THE PROBLEM. From the first line of the data below through the line holding "一只顾美甲 手工纯欲冰透渐变猫眼珍珠斜边小碎钻京洛佳人穿戴甲", output each line exactly and leave the pictures out.

(Dataset items)

◆ ◆ ◆ ◆ ◆ ◆ ◆

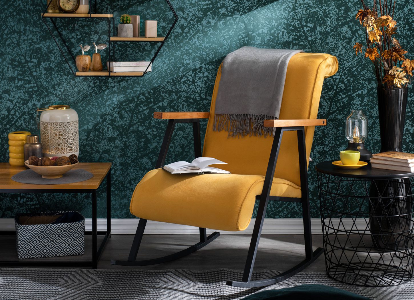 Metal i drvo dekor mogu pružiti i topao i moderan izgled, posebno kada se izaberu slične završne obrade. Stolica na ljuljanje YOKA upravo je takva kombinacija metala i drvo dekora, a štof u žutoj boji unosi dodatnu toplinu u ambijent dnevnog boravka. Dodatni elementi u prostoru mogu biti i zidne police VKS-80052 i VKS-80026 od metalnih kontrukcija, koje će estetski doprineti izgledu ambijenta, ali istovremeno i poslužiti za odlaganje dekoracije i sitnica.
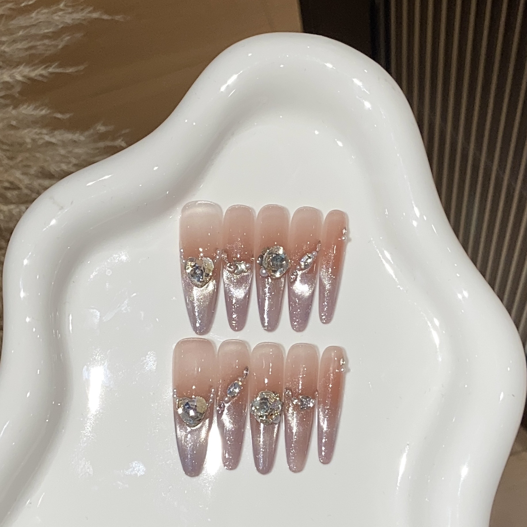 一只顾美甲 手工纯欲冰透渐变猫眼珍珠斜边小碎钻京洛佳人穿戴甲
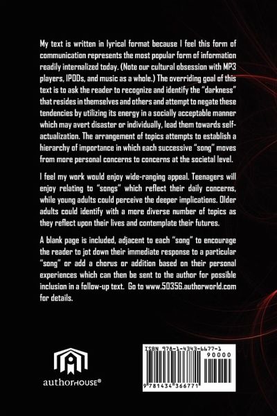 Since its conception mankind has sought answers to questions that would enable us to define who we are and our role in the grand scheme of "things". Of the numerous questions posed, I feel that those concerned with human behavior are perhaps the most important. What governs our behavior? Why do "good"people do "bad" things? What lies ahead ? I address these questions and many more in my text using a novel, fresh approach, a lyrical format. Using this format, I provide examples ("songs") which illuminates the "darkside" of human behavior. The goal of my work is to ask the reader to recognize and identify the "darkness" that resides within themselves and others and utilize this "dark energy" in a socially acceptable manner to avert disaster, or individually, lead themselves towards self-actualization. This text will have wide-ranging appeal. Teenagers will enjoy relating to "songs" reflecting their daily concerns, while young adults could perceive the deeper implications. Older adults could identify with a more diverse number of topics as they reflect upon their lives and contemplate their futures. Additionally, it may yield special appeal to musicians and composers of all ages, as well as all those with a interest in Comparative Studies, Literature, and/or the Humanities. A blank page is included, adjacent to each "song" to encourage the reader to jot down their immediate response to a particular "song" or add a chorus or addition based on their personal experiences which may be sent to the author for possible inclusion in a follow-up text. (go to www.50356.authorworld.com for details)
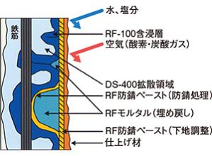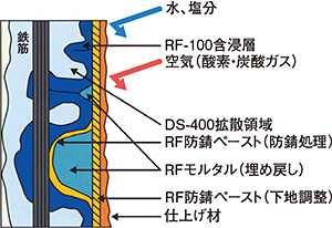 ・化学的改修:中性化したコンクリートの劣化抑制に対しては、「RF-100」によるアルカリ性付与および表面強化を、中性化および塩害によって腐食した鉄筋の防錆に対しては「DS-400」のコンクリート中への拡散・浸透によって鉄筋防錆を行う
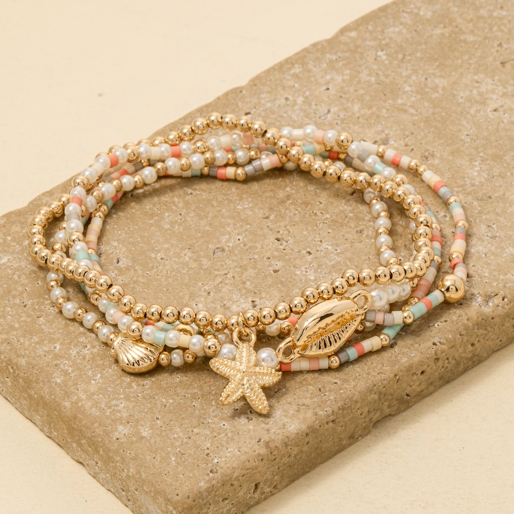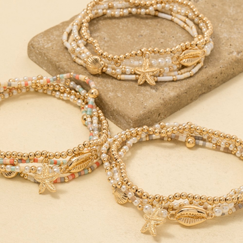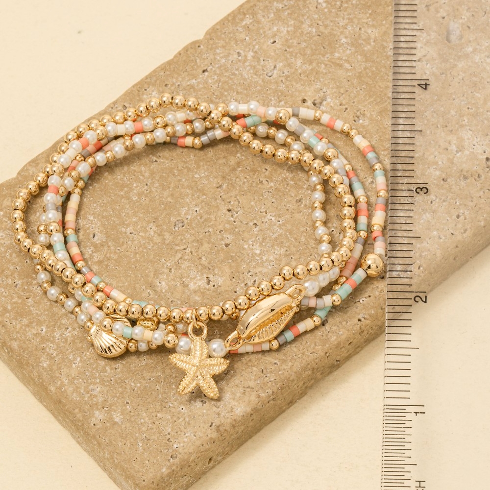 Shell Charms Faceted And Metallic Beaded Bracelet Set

◆ ◆ ◆ ◆ ◆ ◆ ◆

EXPECTED OUTPUT.
 Metal i drvo dekor mogu pružiti i topao i moderan izgled, posebno kada se izaberu slične završne obrade. Stolica na ljuljanje YOKA upravo je takva kombinacija metala i drvo dekora, a štof u žutoj boji unosi dodatnu toplinu u ambijent dnevnog boravka. Dodatni elementi u prostoru mogu biti i zidne police VKS-80052 i VKS-80026 od metalnih kontrukcija, koje će estetski doprineti izgledu ambijenta, ali istovremeno i poslužiti za odlaganje dekoracije i sitnica.
 一只顾美甲 手工纯欲冰透渐变猫眼珍珠斜边小碎钻京洛佳人穿戴甲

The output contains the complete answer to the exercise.